By way of cross-petition the defendant claims to have a legal right to and is seized of an undivided one-third interest in the 20-acre tract on Grandin road, and alleges that the plaintiffs William Corben and Jennie Corben are each seized of an undivided one-third interest in said premises. Defendant further claims that since the 16th day of September, 1912, plaintiffs have continuously used and occupied, and have been in possession of said property, and that this defendant’s ward, by reason of his mental and physical condition, has been compelled to live [548]*548in a sanitarium where he can be given such care and. attention as might befit his mental and physical condition; that the property so used and occupied by these plaintiffs is reasonably worth a rental value of $150.00 per month; that these plaintiffs fail and refuse, and have failed and refused though requested to do so, to make an accounting to this defendant for their use and occupancy. Wherefore, defendant prays for an accounting, that the Court order a reference of said accounting to a master for the purpose of settling same and ascertain the exact condition of said account between said parties, and that a judgment may be had against the plaintiffs for the amount so ascertained, and for all further just and equitable relief.
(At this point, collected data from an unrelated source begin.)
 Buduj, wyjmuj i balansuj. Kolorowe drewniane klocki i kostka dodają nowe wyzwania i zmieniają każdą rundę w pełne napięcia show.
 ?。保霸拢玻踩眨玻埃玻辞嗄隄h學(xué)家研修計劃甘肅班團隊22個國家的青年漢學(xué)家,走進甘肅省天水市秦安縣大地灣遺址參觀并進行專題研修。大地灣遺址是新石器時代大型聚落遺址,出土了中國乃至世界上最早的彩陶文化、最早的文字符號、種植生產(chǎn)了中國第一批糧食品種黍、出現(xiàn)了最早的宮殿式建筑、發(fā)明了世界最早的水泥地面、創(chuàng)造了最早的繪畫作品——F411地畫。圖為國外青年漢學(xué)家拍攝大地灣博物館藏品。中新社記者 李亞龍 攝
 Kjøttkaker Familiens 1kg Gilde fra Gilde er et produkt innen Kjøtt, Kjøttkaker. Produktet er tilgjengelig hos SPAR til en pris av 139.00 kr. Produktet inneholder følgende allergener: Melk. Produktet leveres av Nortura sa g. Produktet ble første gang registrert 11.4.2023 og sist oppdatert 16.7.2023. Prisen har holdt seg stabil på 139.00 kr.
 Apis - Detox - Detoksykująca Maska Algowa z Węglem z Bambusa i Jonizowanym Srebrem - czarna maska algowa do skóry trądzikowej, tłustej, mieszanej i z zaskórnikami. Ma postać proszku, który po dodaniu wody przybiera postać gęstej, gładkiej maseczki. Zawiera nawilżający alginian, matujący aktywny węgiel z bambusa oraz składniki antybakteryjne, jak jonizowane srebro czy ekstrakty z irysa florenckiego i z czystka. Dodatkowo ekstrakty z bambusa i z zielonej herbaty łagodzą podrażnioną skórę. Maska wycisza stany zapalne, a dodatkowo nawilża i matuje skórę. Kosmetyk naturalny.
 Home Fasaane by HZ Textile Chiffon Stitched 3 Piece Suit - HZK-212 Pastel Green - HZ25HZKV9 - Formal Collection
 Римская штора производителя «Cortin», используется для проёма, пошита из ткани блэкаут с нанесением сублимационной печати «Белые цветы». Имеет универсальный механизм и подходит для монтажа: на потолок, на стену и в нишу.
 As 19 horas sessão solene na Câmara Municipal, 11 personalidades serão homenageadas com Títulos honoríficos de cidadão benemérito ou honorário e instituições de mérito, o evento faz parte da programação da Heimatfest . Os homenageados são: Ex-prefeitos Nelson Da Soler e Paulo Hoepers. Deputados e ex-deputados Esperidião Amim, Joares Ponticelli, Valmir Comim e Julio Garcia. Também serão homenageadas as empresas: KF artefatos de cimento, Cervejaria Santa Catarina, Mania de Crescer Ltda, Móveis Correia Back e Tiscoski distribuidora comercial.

Answering defendant’s cross-petition, plaintiffs admit the appointment of the Guardian, and further answering say:

“By way of further answer to defendants’ cross-petition, plaintiffs say that prior to the appointment of the- defendant, Clifford E. Martin, as guardian as aforesaid, the defendant, George L. Armstrong, together with his mother and father, resided in the Corben homestead, consisting of about twenty (20) acres, situated on Grandin road, together with the plaintiffs herein, his uncle and aunt, respectively; that said defendant, George L. Armstrong, has not occupied the same since the death of his father in August, 1912, although plaintiffs were at all times and are now anxious and willing to have said defendant, George L. Armstrong, remain with them on the premises; that some of the belongings' of said defendant, George L. Armstrong, have all along and are now on said premises and living quarters have at all times been available for his occupancy.
“Plaintiffs deny that defendants, or either of them, have ever demanded any rent or rental value of said Grandin road property from plaintiffs until the filing of the answer and cross-petition herein, and plaintiffs further say that they have received no rents or profits from said Grandin Road property which is used by plaintiffs solely as a private residence and that they have spent considerable moneys in the upkeep of the premises and repair and maintenance of the house thereon * * *.”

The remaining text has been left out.